Although the cause of nocturnal bronchospasm remains uncertain, its management is improving with advances in medications. The observation that many asthmatic patients wheeze at night is not new. In 1698, Dr. (later Sir) John Floyer, himself asthmatic, wrote:

I have observed the fit always to happen after sleep in the night. … At first waking, about one or two of the clock in the night, the fit of asthma more evidently begins, the breath is very slow … the diaphragm seems stiff and tied. … It is not without much difficulty moved downwards.²

Despite the clarity of this description, more than 2 centuries passed before nocturnal asthma received further attention.

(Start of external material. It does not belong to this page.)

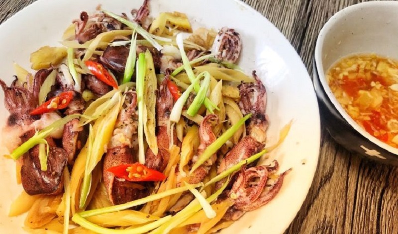 Món mực hấp hành thơm ngon, ngọt thịt, đậm đà hương vị.

The forced expiratory volume in 1 second (FEV₁) and peak flow rates fall overnight in patients with asthma,³ the fall being more than 50% in some patients. Patients with such overnight bronchoconstriction have been called morning dippers (Fig. 111-1).⁴ In asthmatic patients recovering from exacerbations, about one third have bronchoconstriction during the night and another third have bronchoconstriction before sleep and continue to have it overnight.¹ Thus, two thirds of such patients have their lowest flow rates between 10 PM and 8 AM, with a mean amplitude of variation of peak flow rates of 29%.¹

Figure 111-1 Peak flow rate over a 2-week period in a 62-year-old woman with nonallergic asthma. The flow rate on waking is indicated with a cross. There is marked morning dipping.

(From Douglas NJ. Asthma at night. Clin Chest Med 1985;6:663-674.)

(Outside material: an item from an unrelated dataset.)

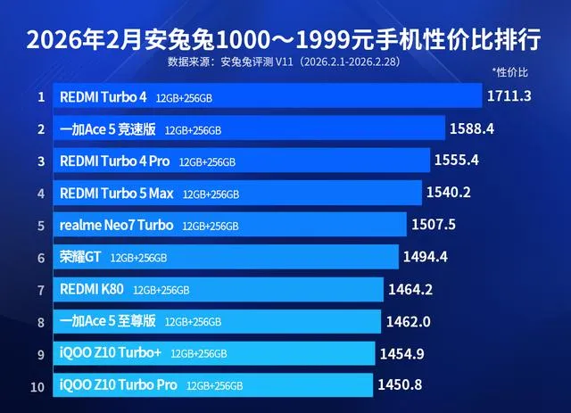 安卓千元机性价比:红米 Turbo5 Max 排第九,第一名分析

Circadian Rhythm of Airway Caliber

Most normal people also have circadian changes in airway caliber, with mild nocturnal bronchoconstriction.⁵ The largest series comparing circadian changes in peak flow in healthy subjects and unstable asthmatic patients⁵ shows that the changes in flow rate are synchronous in asthmatic and normal subjects, whereas the amplitude of peak flow rate changes is far greater in asthmatic patients (50%) than in normal subjects (8%). Thus, nocturnal bronchoconstriction in asthma appears to be an exaggeration of the normal circadian changes in airway caliber. Asthmatic patients are hyperreactive to constrictor stimuli; thus, nocturnal bronchoconstriction in asthmatic patients is probably an expression of hyperresponsiveness to the factors that produce mild nocturnal bronchoconstriction in normal subjects.

As with other circadian rhythms, the major synchronizing factor is sleep, although overnight sleep deprivation reduces, but does not abolish, nocturnal airway narrowing (Fig. 111-2).⁶^,⁷ In asthmatic shift workers, sleep time determines the timing of “nocturnal” airway narrowing,⁸ and airway caliber changes rapidly invert with inversion of sleep pattern. That some overnight airway narrowing persists even if patients are kept awake all night could be due to a lag between altered sleep times and readjustment of circadian rhythms.

Figure 111-2 Peak expiratory flow at night and in the morning on both the asleep and the awake nights. All patients developed bronchoconstriction on both nights, but although the 10 PM peak flow rates were not significantly different, morning peak flow was higher after the awake night.

(From Catterall JR, Rhind GB, Stewart IC, et al. Effect of sleep deprivation on overnight bronchoconstriction in nocturnal asthma. Thorax 1986;41:676-80.)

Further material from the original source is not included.